When the client is in gRPC mode the client gives the following error:
**Exception has occurred: InferenceServerException**
[StatusCode.UNAVAILABLE] Socket closed
The server outputs the following (gRPC client) and than just quits:
I1231 11:50:04.685638 1 grpc_server.cc:270] Process for ModelMetadata, rpc_ok=1, 0 step START
I1231 11:50:04.685677 1 grpc_server.cc:225] Ready for RPC 'ModelMetadata', 1
I1231 11:50:04.685684 1 model_repository_manager.cc:496] GetInferenceBackend() 'dali_multi_input' version -1
I1231 11:50:04.685690 1 model_repository_manager.cc:452] VersionStates() 'dali_multi_input'
I1231 11:50:04.685756 1 grpc_server.cc:270] Process for ModelMetadata, rpc_ok=1, 0 step COMPLETE
I1231 11:50:04.685763 1 grpc_server.cc:408] Done for ModelMetadata, 0
I1231 11:50:04.686291 1 grpc_server.cc:270] Process for ModelConfig, rpc_ok=1, 0 step START
I1231 11:50:04.686317 1 grpc_server.cc:225] Ready for RPC 'ModelConfig', 1
I1231 11:50:04.686323 1 model_repository_manager.cc:496] GetInferenceBackend() 'dali_multi_input' version -1
I1231 11:50:04.689018 1 grpc_server.cc:270] Process for ModelConfig, rpc_ok=1, 0 step COMPLETE
I1231 11:50:04.689028 1 grpc_server.cc:408] Done for ModelConfig, 0
I1231 11:50:04.690189 1 grpc_server.cc:3089] Process for ModelInferHandler, rpc_ok=1, 1 step START
I1231 11:50:04.690210 1 grpc_server.cc:3082] New request handler for ModelInferHandler, 4
I1231 11:50:04.690218 1 model_repository_manager.cc:496] GetInferenceBackend() 'dali_multi_input' version -1
I1231 11:50:04.690227 1 model_repository_manager.cc:496] GetInferenceBackend() 'dali_multi_input' version -1
I1231 11:50:04.690246 1 infer_request.cc:502] prepared: [0x0x7fd11c0035a0] request id: , model: dali_multi_input, requested version: -1, actual version: 1, flags: 0x0, correlation id: 0, batch size: 1, priority: 0, timeout (us): 0
original inputs:
[0x0x7fd11c003908] input: DALI_Y_INPUT, type: UINT8, original shape: [1,1], batch + shape: [1,1], shape: [1]
[0x0x7fd11c003828] input: DALI_X_INPUT, type: UINT8, original shape: [1,1], batch + shape: [1,1], shape: [1]
override inputs:
inputs:
[0x0x7fd11c003828] input: DALI_X_INPUT, type: UINT8, original shape: [1,1], batch + shape: [1,1], shape: [1]

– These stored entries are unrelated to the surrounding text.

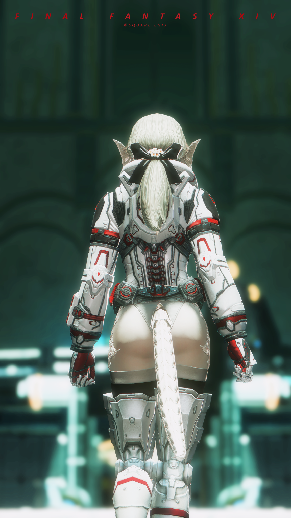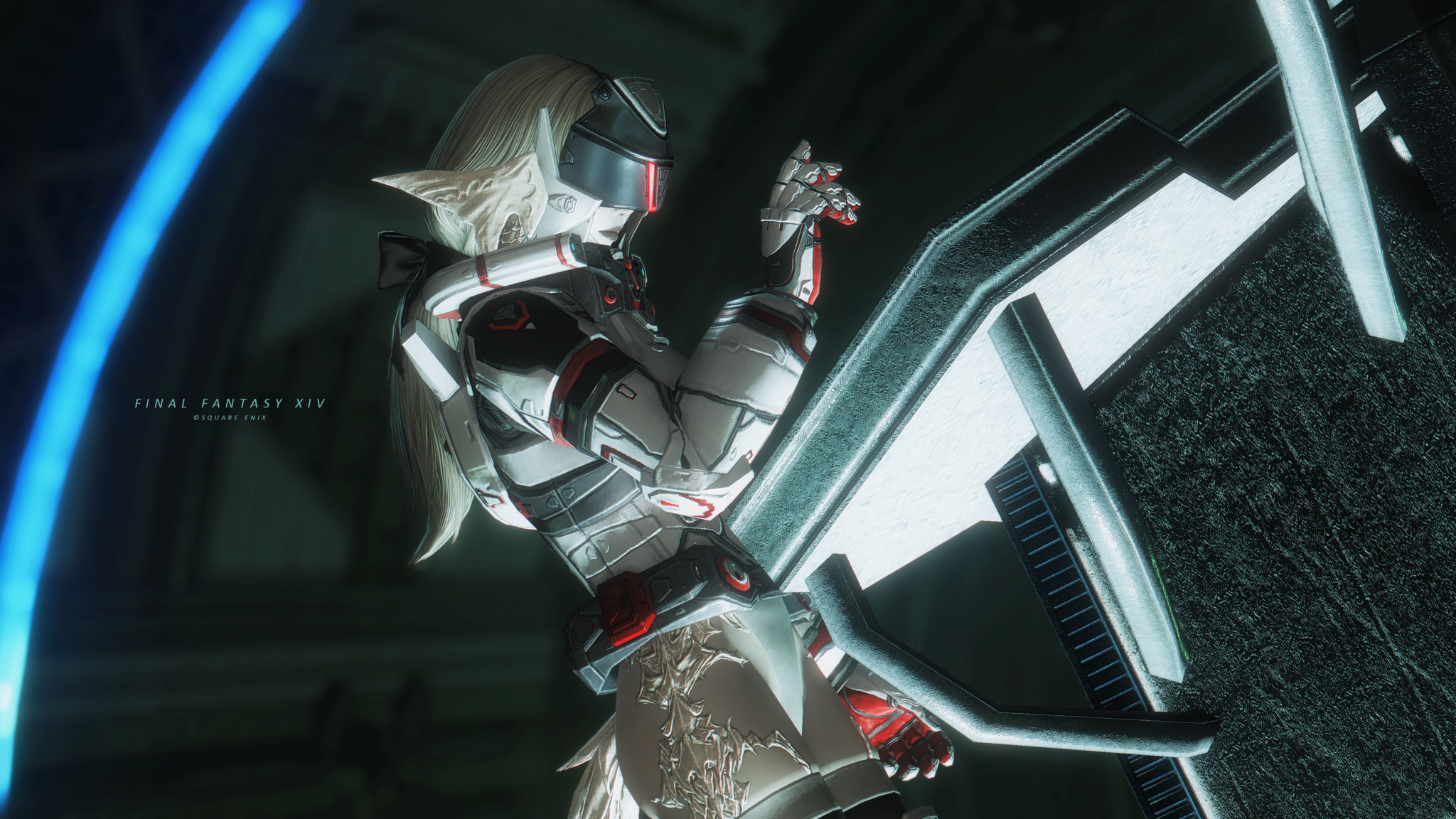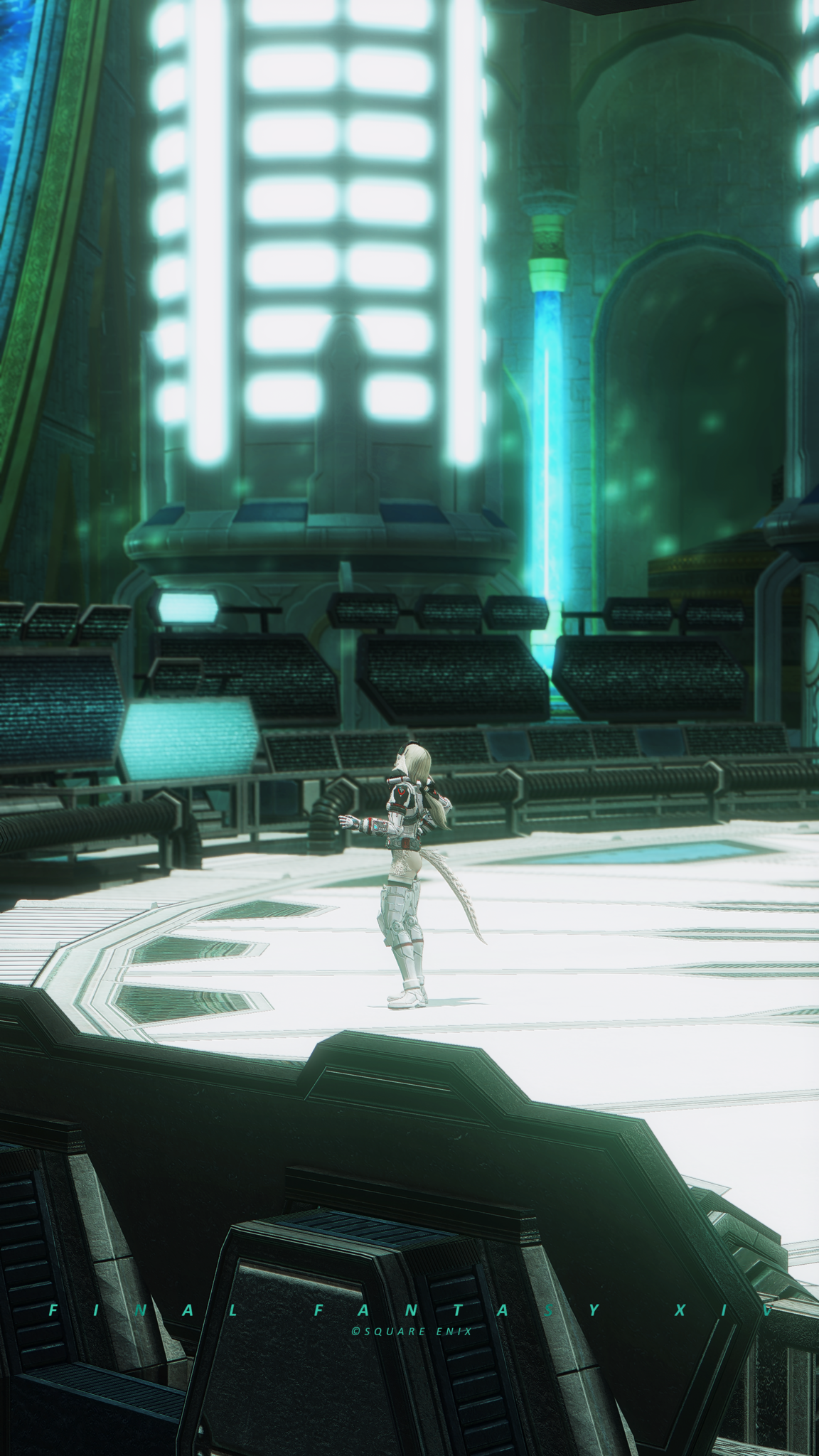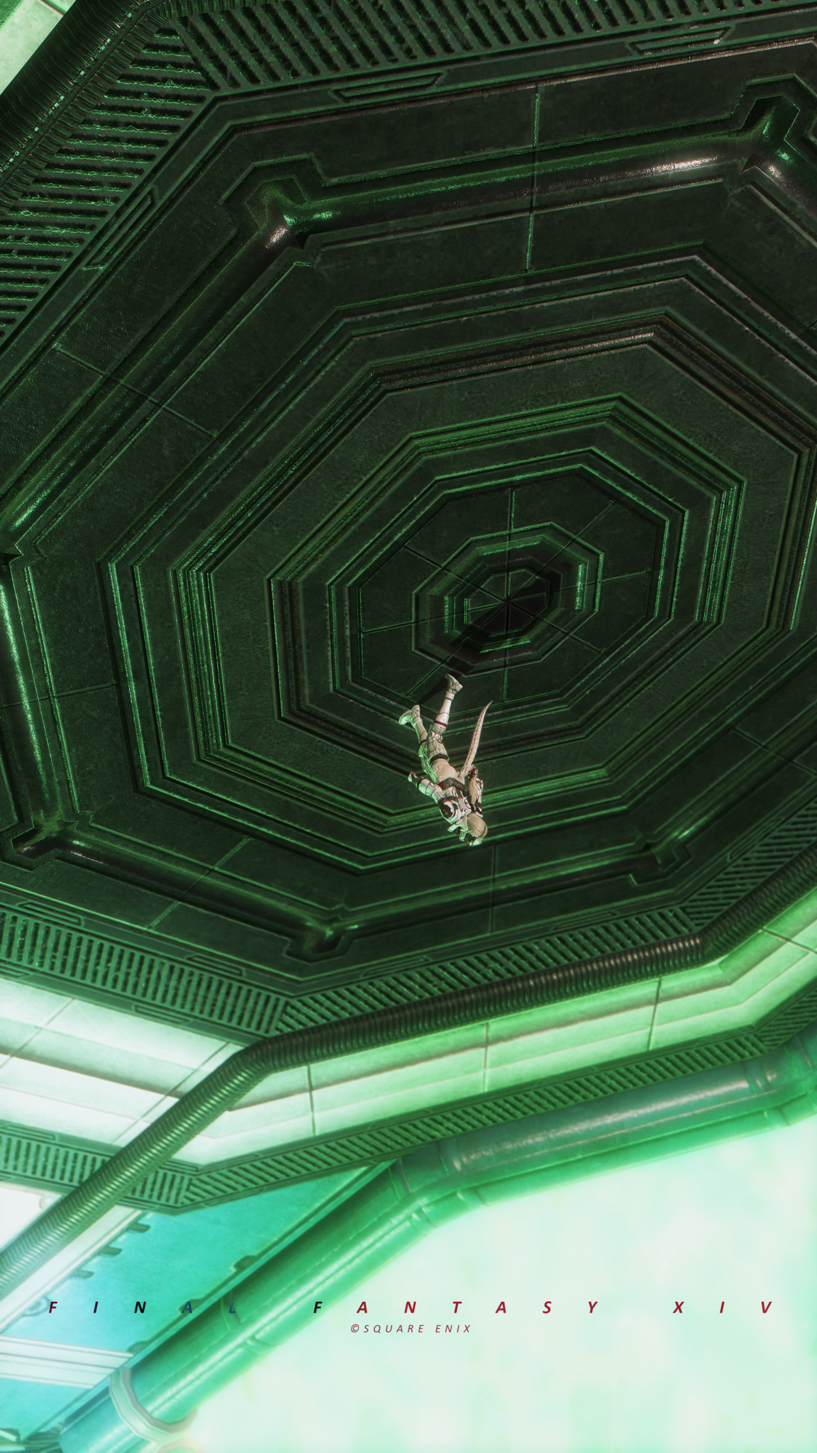 又配了新衣服!因為主線還在6.0沒有七版那種fancy fancy超現代的地方能去,隨便從5版副本開了一個看起來也算高科技的地點拍一拍,邊拍邊想到如果空中漂浮一些爛肉屍體......就好像
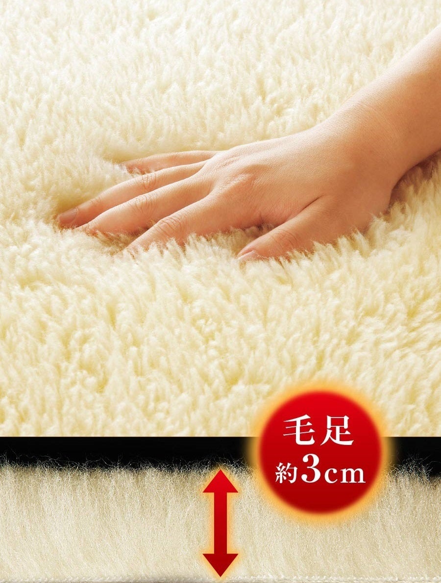 ザ・プレミアム・ソフゥールの毛足は暖かさと寝心地を考慮し、約30mmに設定しました。短すぎると暖かさに欠け、長すぎると寝心地が悪くなるため、暖かさと柔らかさが絶妙になるよう毛足の長さにもこだわりました。また柔らかさを損なわないように注意し、暖かさを外に逃がさない絶妙な毛密度に設定しています。
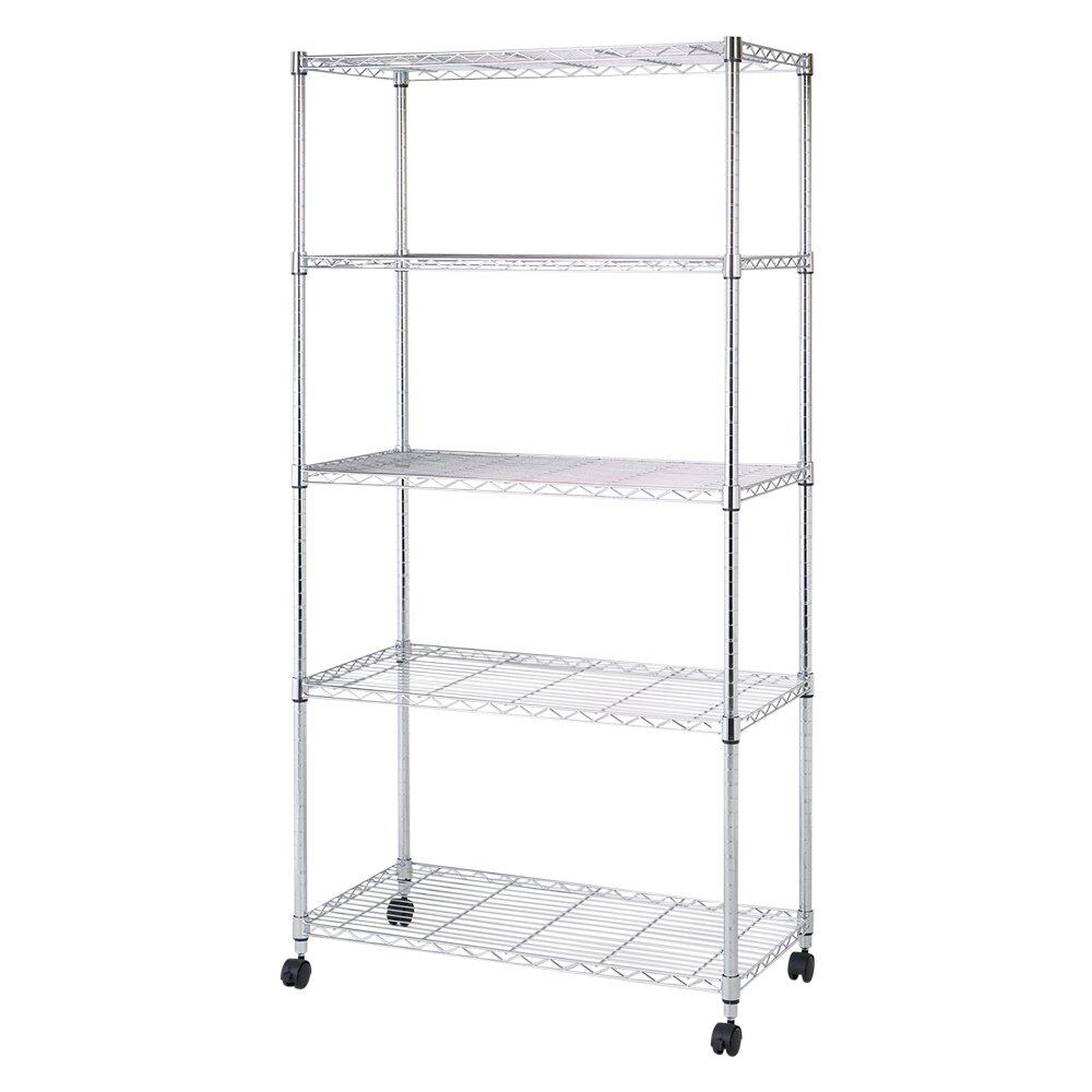 ドウシシャ 棚 ルミナス互換 メタルルミナスラック 幅90 5段 スチールラック 収納棚 幅90×奥行46×高さ180cm 全体耐荷重400kg 頑丈 キャスター付き 防錆加工 ポール径25mmパーツ対応 業務用 シェルフ キッチン収納 EL25-90185 | kor Cat*
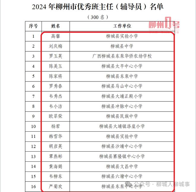 2024年柳州市优秀教育工作者名单。(部分节选)
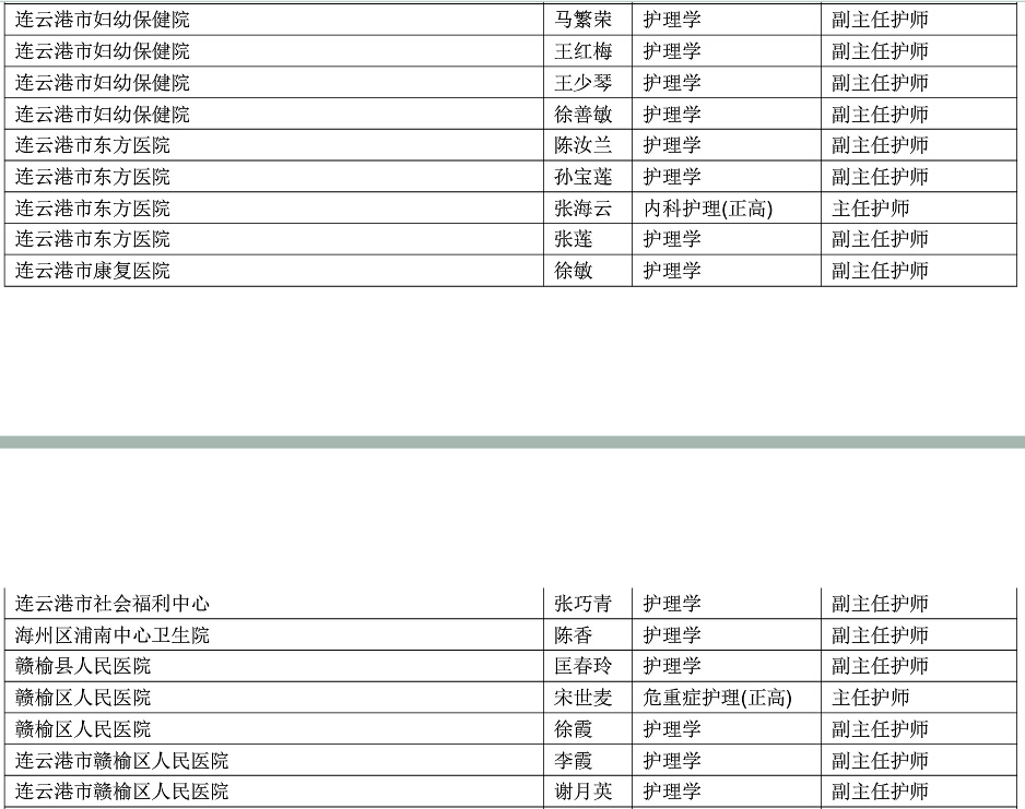 2015年江蘇省衛(wèi)生高級專業(yè)技術(shù)資格評審?fù)ㄟ^人員公示名單(護(hù)理)
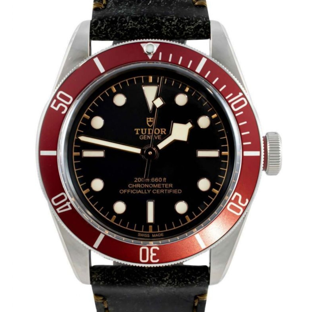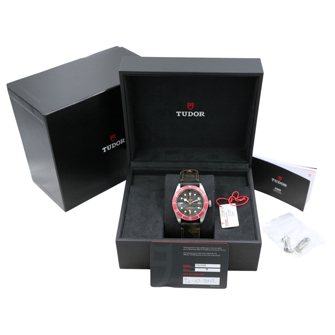 A 2022 Tudor Black Bay 79230R in stainless steel, featuring the signature red unidirectional bezel and a deep black dial. The 41mm case delivers strong wrist presence, complemented by the domed crystal and bold snowflake hands that reference Tudor’s historic dive watches. Luminous hour markers ensure excellent legibility, while the overall design balances vintage inspiration with modern robustness.
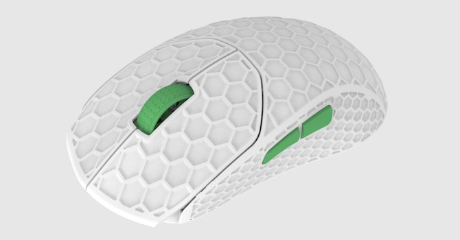 The ambidextrous VUK innovates in several ways. Aside from featuring a dual-sensor design, it also implements SR latch debouncing for the lowest possible click latency. The VUK only weighs 36 g, despite being medium size and having no holes in the upper shell. PixArt's PAW3950 sensor and 8000 Hz wireless complete the package.
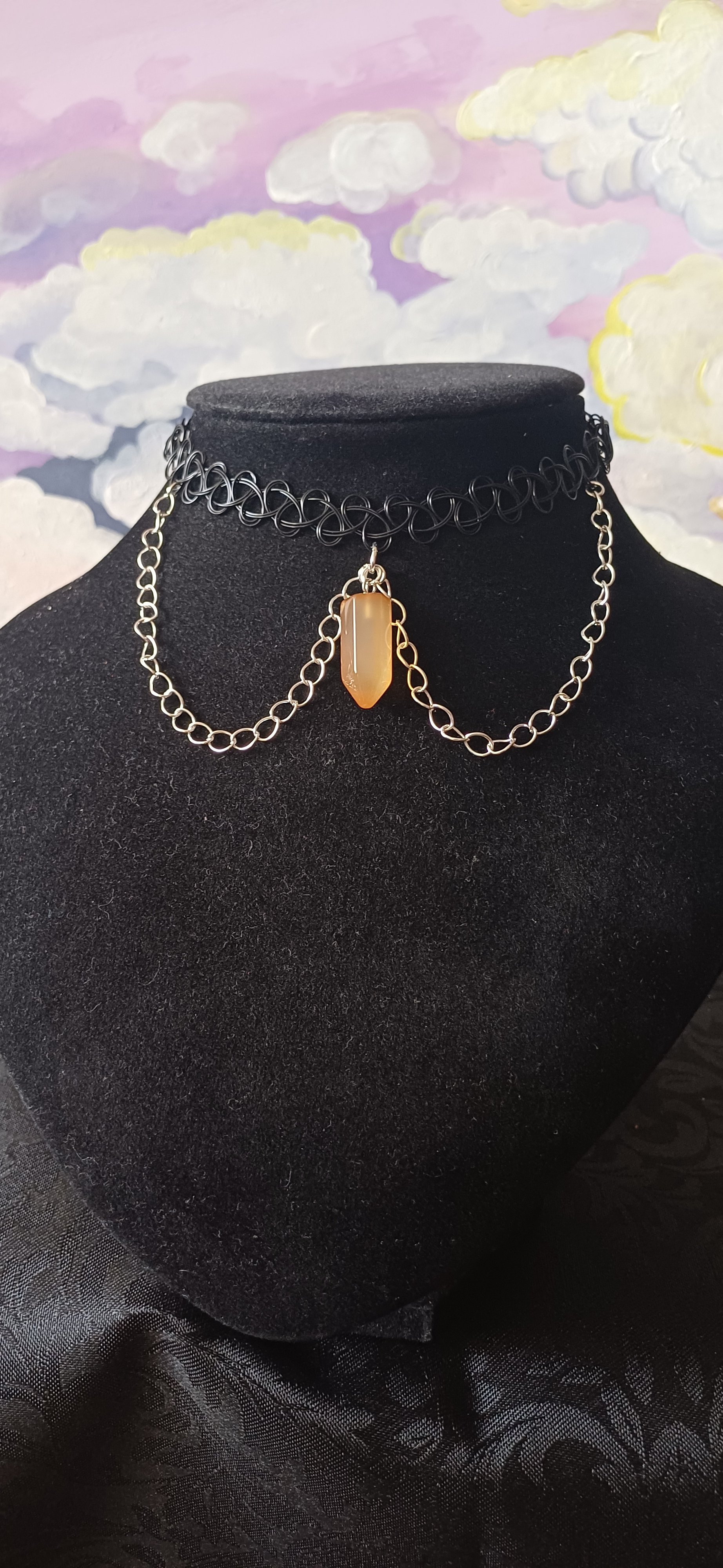 Reaching into the 90s with a twist with this one. This choker is perfect for dressing up a casual outfit. This uses a Genuine Carnelian Pendant
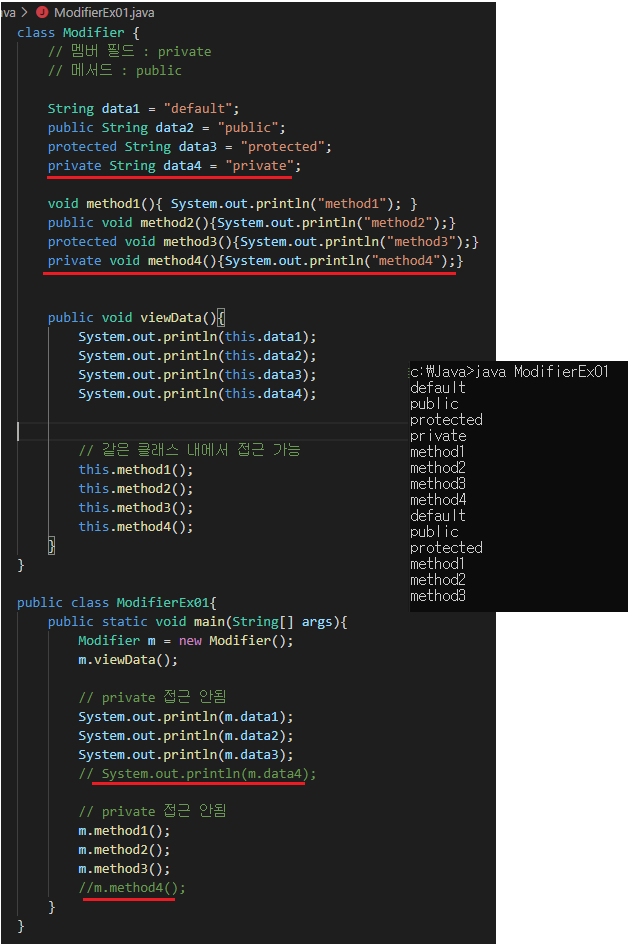 같은 클래스 내에서의 접근은 무조건 허용이다. ex) 같은 클래스 내의 메소드에서 멤버변수 호출 항상 가능
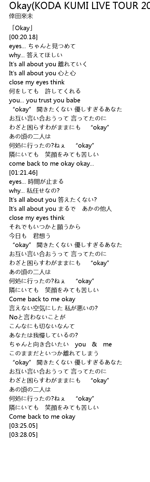 | [03:04.37] | わざと困らすわがままにも “okay” |
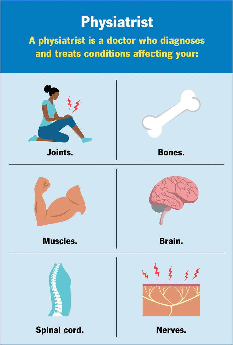 A physiatrist is a doctor who manages illnesses and injuries that make it hard for you to do necessary or desired tasks — like going to work, taking care of your family or engaging in hobbies. These are typically conditions affecting your skeletal system or nervous system. But physiatrists gain a broad base of knowledge on the entire human body. This allows them to see the big picture of how a condition affects your physical functioning and quality of life.
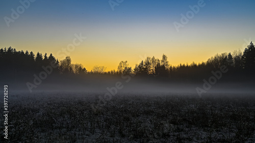 © Jonas, Obraz premium sunset over a misty field in Sweden

[0x0x7fd11c003908] input: DALI_Y_INPUT, type: UINT8, original shape: [1,1], batch + shape: [1,1], shape: [1]
original requested outputs:
DALI_OUTPUT_X
DALI_OUTPUT_Y
requested outputs:
DALI_OUTPUT_X
DALI_OUTPUT_Y
The full TRITON server log: TRITON.log.
Expected behavior
Give the same output as the DALI script does, without crashing the server.